(Beginning of Dataset section)

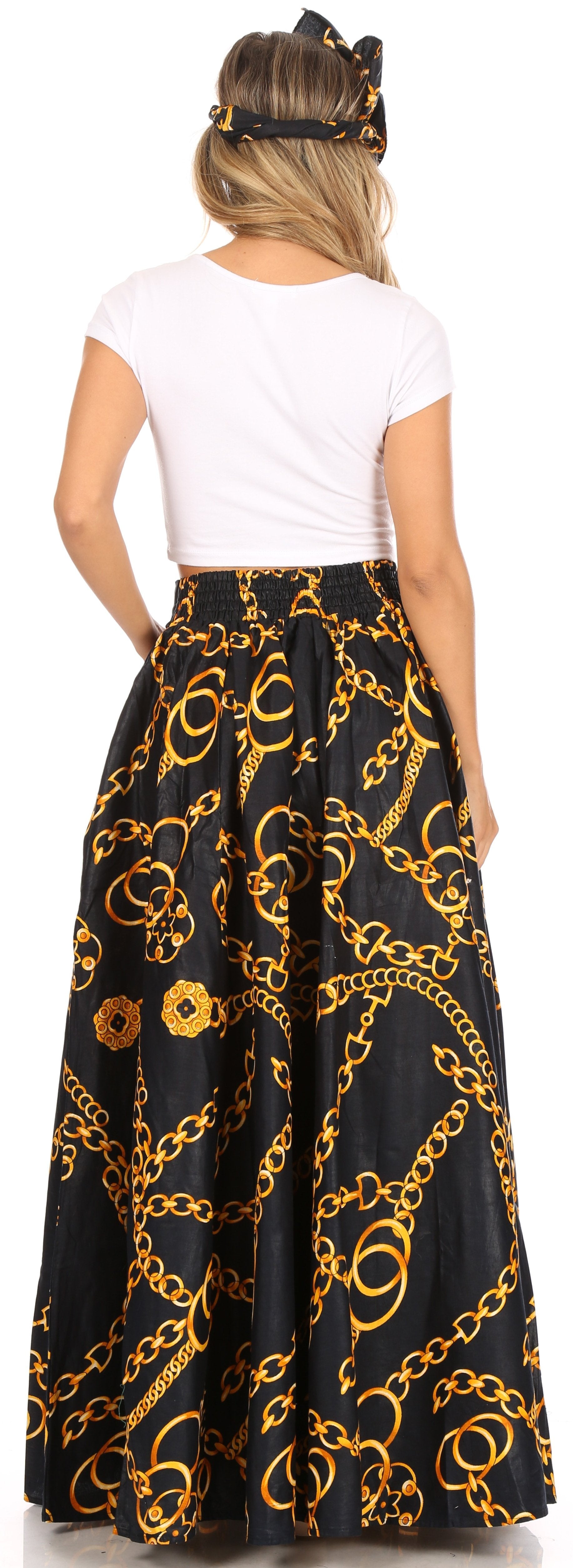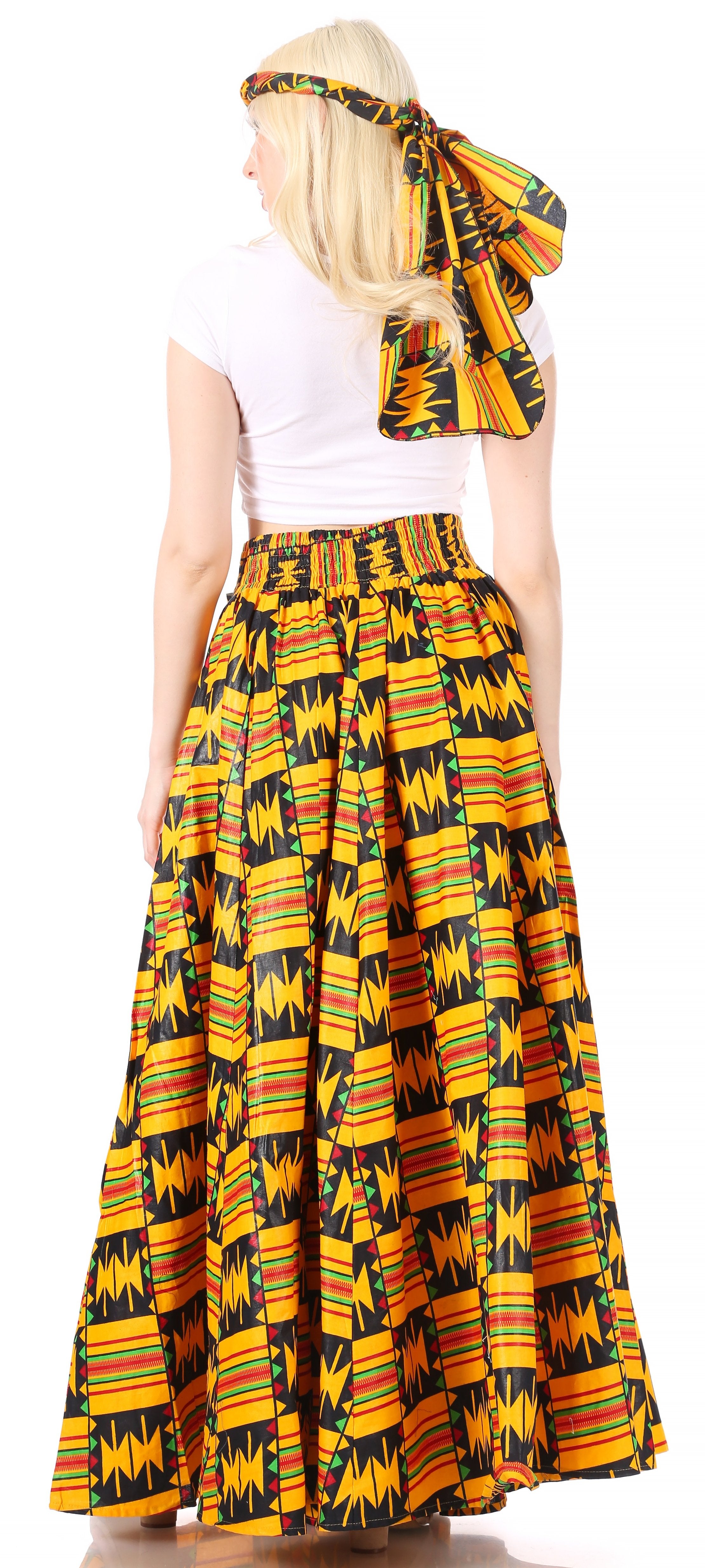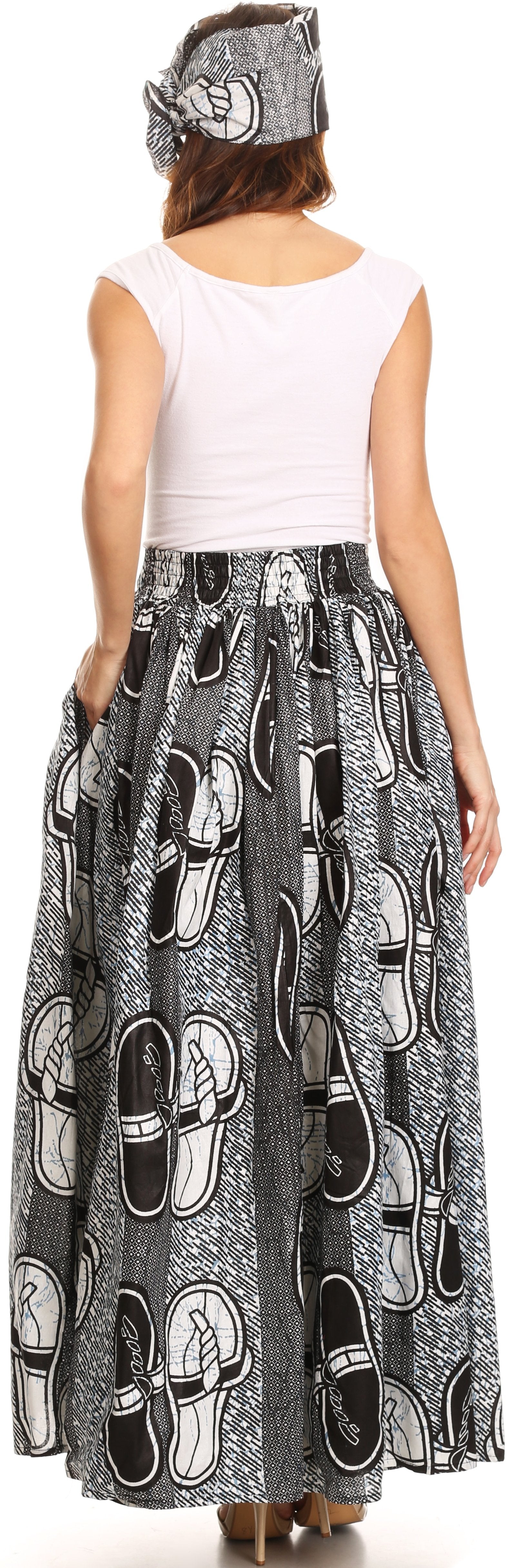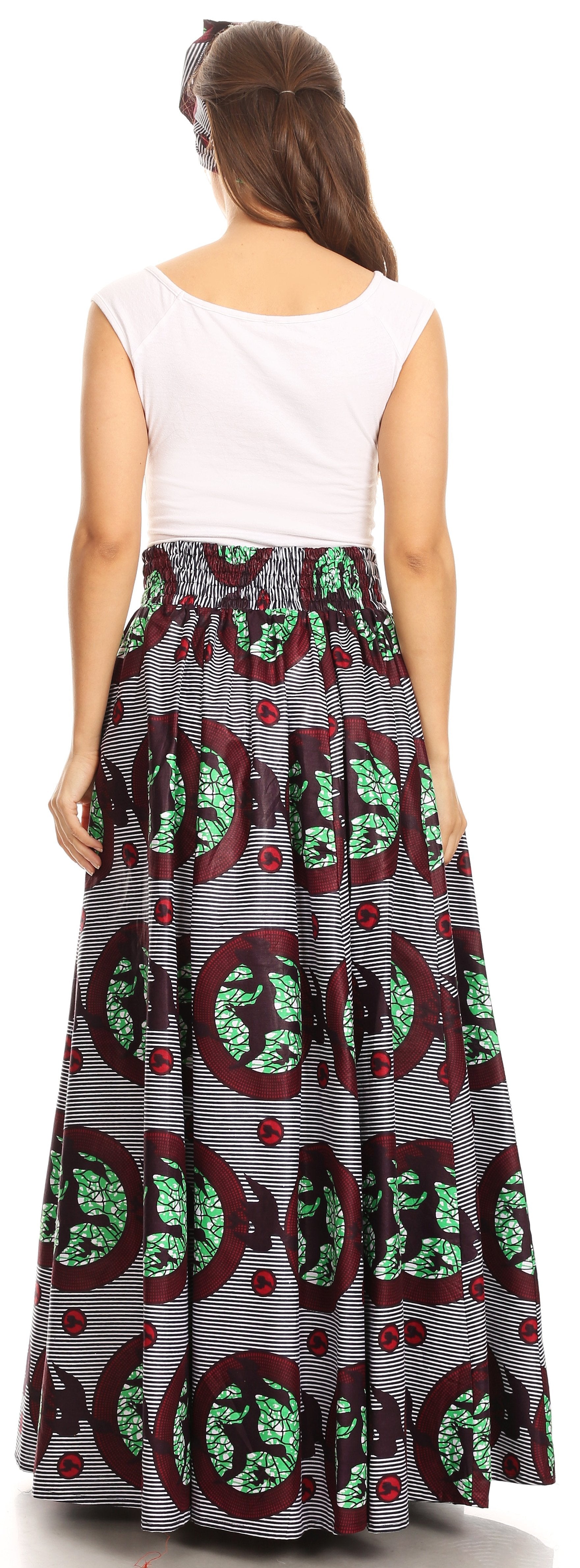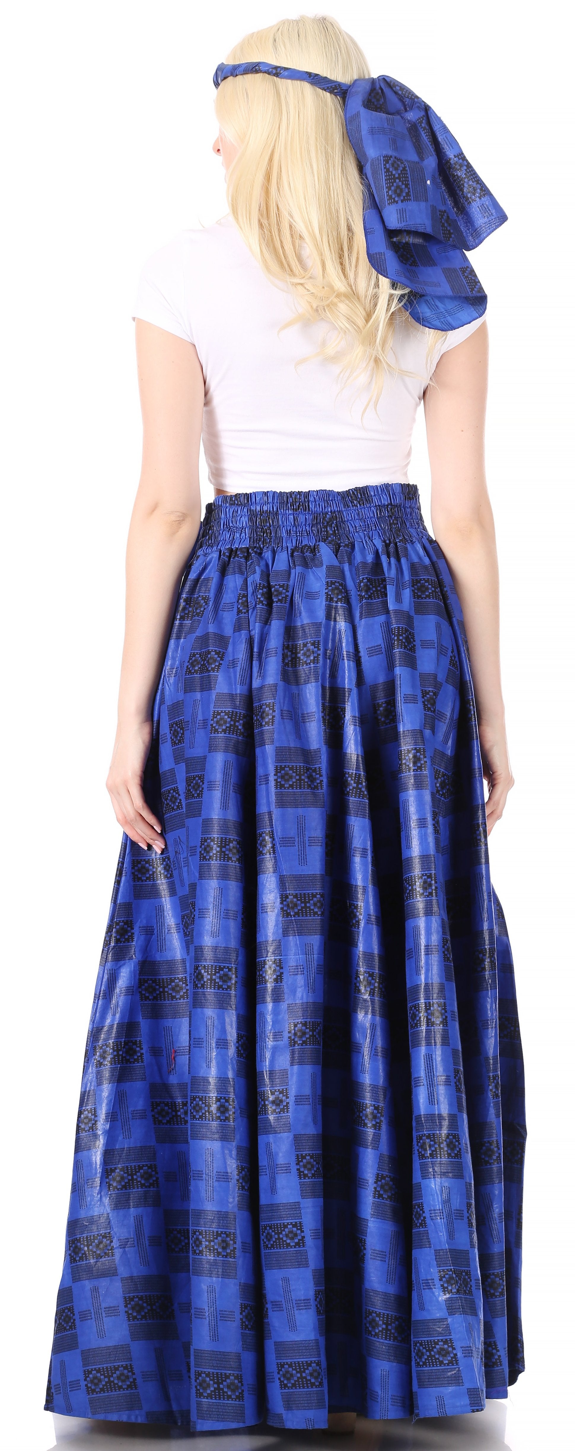 • This skirt features a long and wide flowing beautiful design. It is multi colored with a traditional wax print pattern. This skirt has pockets at the side for a total of two pockets. Pockets are deep and comfortable. A broad elastic waist band and adjustable wrap around strap allows skirt to easily convert into an elegant and carefree dress. This versatile item also features a beautiful head scarf in matching print.
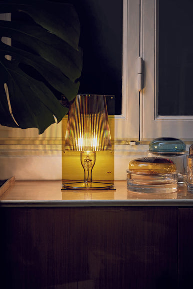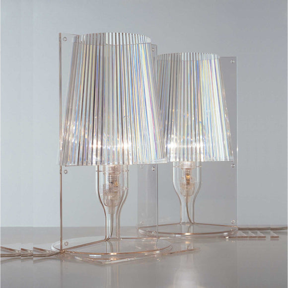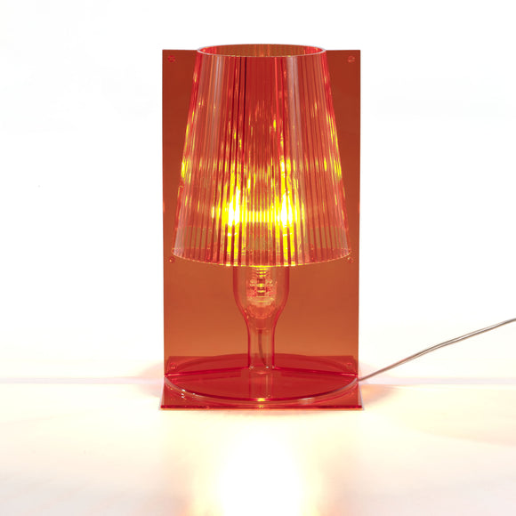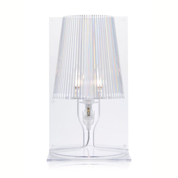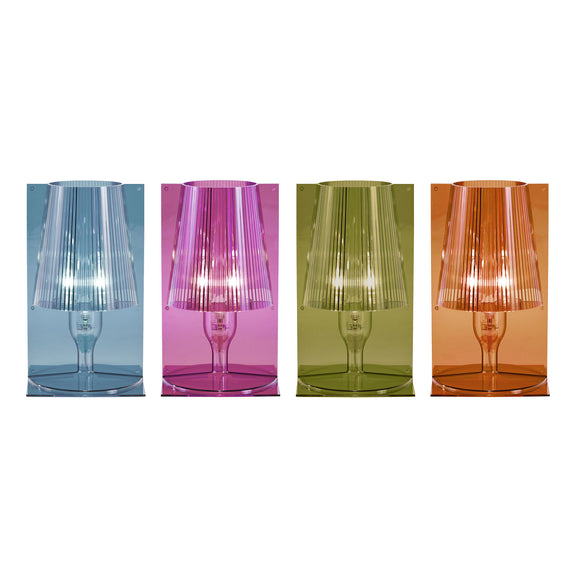 Transform your tabletop with the Take Table Lamp from Kartell. Designed by Ferruccio Laviani, this lamp features molded polycarbonate sections that beautifully come together to create a full, eye-catching form. With its sparkling rays of light and a stylish circle-on-square base, this lamp adds a touch of luxury and sophistication to any space.
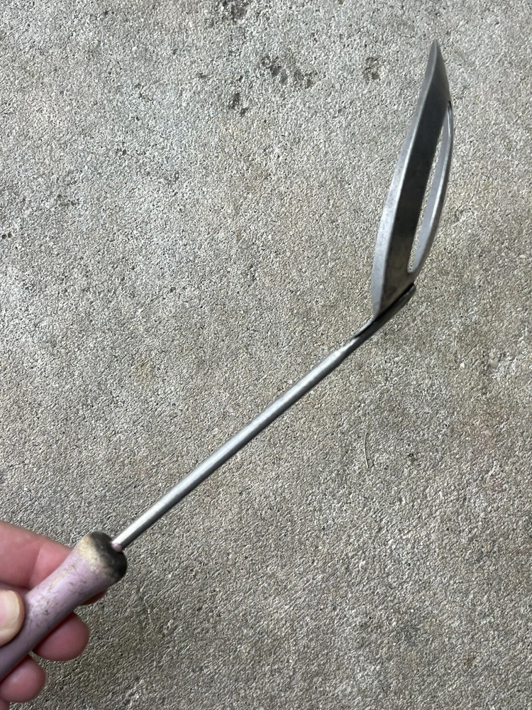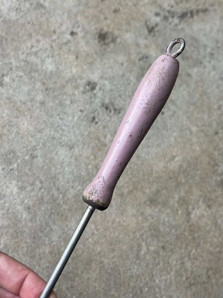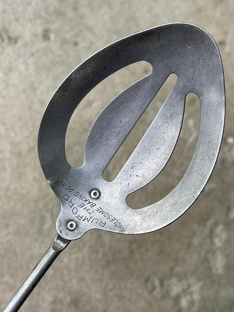 Vintage advertising promotional for RUMFORD baking powder - item used and in top shape / works 100 % as it should - no cracks or damage to wooden handle - spoon in steel with tin plating - nicer version of the usual all steel tools with a wire handle - Rumford liked giving away kitchen tools ( send in box tops or free in a larger bag of product - item measures 11 3/4 long - handle 4 inch - bowl marked RUMFORD THE WHOLESOME BAKING POWDER handle in a lavender color ( not sure if original or someone customized it ) it is old and would scrape off easily to repaint if wished solid and well made for a promo soda

(End of Dataset section)

What the task asks: When you set down the material above, keep every word exact and include no pictures.

Output of the task:
 • This skirt features a long and wide flowing beautiful design. It is multi colored with a traditional wax print pattern. This skirt has pockets at the side for a total of two pockets. Pockets are deep and comfortable. A broad elastic waist band and adjustable wrap around strap allows skirt to easily convert into an elegant and carefree dress. This versatile item also features a beautiful head scarf in matching print.
 Transform your tabletop with the Take Table Lamp from Kartell. Designed by Ferruccio Laviani, this lamp features molded polycarbonate sections that beautifully come together to create a full, eye-catching form. With its sparkling rays of light and a stylish circle-on-square base, this lamp adds a touch of luxury and sophistication to any space.
 Vintage advertising promotional for RUMFORD baking powder - item used and in top shape / works 100 % as it should - no cracks or damage to wooden handle - spoon in steel with tin plating - nicer version of the usual all steel tools with a wire handle - Rumford liked giving away kitchen tools ( send in box tops or free in a larger bag of product - item measures 11 3/4 long - handle 4 inch - bowl marked RUMFORD THE WHOLESOME BAKING POWDER handle in a lavender color ( not sure if original or someone customized it ) it is old and would scrape off easily to repaint if wished solid and well made for a promo soda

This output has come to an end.